What does this notation mean "?:" in regex?

Question

I found the below regex from RegexLib.

^(?:(?:(?:0?[13578]|1[02])(\/|-|\.)31)\1|(?:(?:0?[13-9]|1[0-2])(\/|-|\.)(?:29|30)\2))(?:
(?:1[6-9]|[2-9]\d)?\d{2})$|^(?:0?2(\/|-|\.)29\3(?:(?:(?:1[6-9]|[2-9]\d)?(?:0[48]|[2468]
[048]|[13579][26])|(?:(?:16|[2468][048]|[3579][26])00))))$|^(?:(?:0?[1-9])|(?:1[0-2]))
(\/|-|\.)(?:0?[1-9]|1\d|2[0-8])\4(?:(?:1[6-9]|[2-9]\d)?\d{2})$

It is from http://regexlib.com/REDetails.aspx?regexp_id=113

I don't understand the notation "?:", which is used many times in this regex. It seems ":" is not in the chartsheet

I am that familiar with regex. Could anyone show an example, with the regex and inputs?

Answer 1

(?:)

stands for non capturing group. See perldoc perlre (perl is IMHO the most advanced language to play with REGEX : pcre by example, means Perl Compatible Regular Expression and is the default for PHP, pcregrep or with grep -P)

Relevant part of perl doc :

(?:pattern)
(?adluimsx-imsx:pattern)
(?^aluimsx:pattern)

This is for clustering, not capturing; it groups subexpressions like "()", but doesn't make backreferences as "()" does.
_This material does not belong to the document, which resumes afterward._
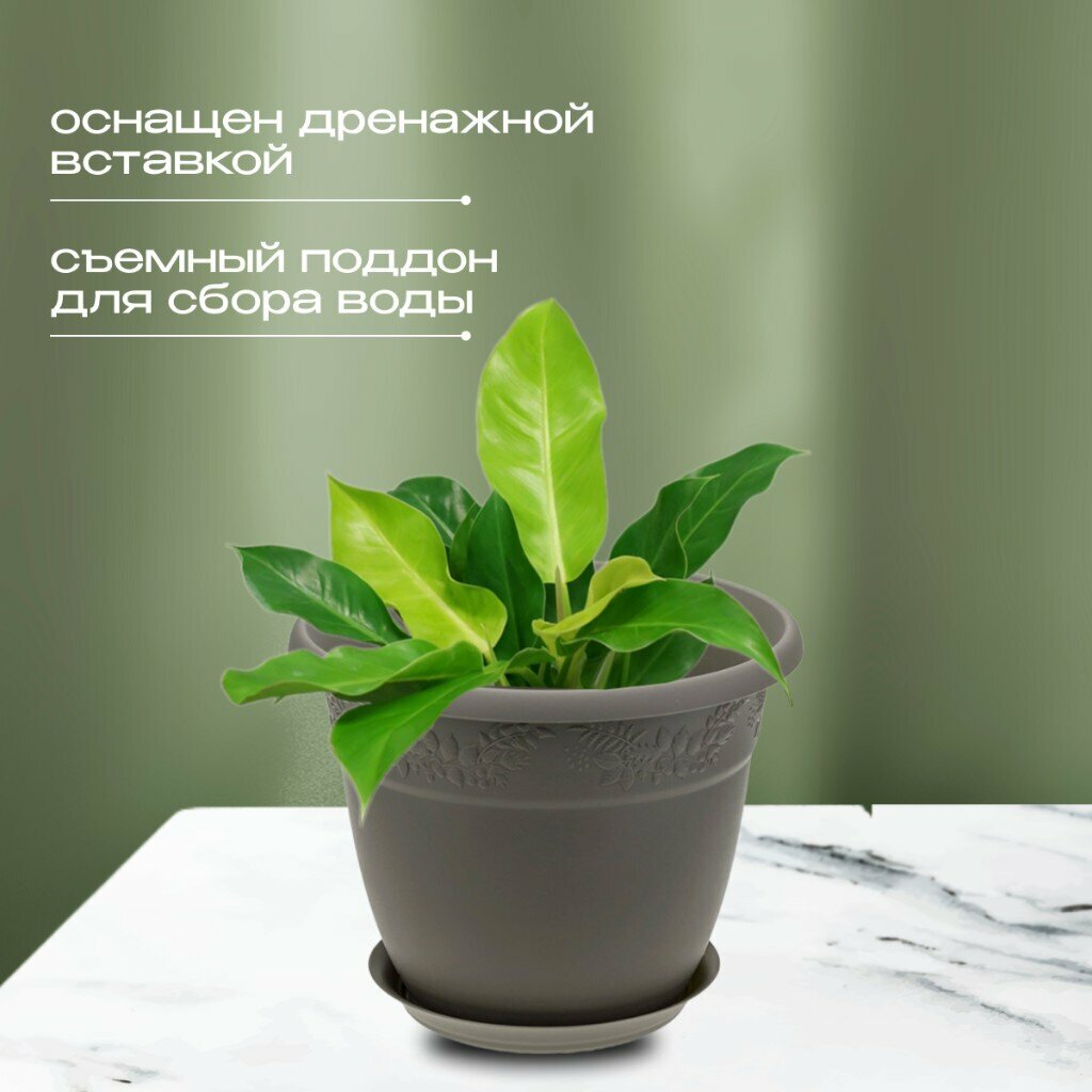 Кашпо IDEA "Рябина" с поддоном, диаметр 22 см, объем 3,6 л, французский серый, М 3055

See this example using perl :

$ echo 'azfoobar' | perl -lne 'print $1 if /^(?:az)(.*)/'
foobar

As you can see, the first matching capturing group ($1) isn't az but the rest of the line. This works the same with the others languages like python or such.

Answer 2

(?:...) is just a non capturing group, means the part of the string that is matched by this group is not stored and can not be accessed by $1 or \1

Capturing groups are numbered by the opening brackets, so

For the example text "Foobar test"

1. Here are two capturing groups

   ^(\w+)\s*(\w+)
    1       2
   

   This will result in:

   $1 = "Foobar"
   
   $2 = "test"
   

2. Here is only one capturing group:

   ^(?:\w+)\s*(\w+)
              1
   

   This will result in:

   $1 = "test" 
   

Answer 3

(?:...) is a non-capturing group, that is, it controls operator precedence but it won't create a match group.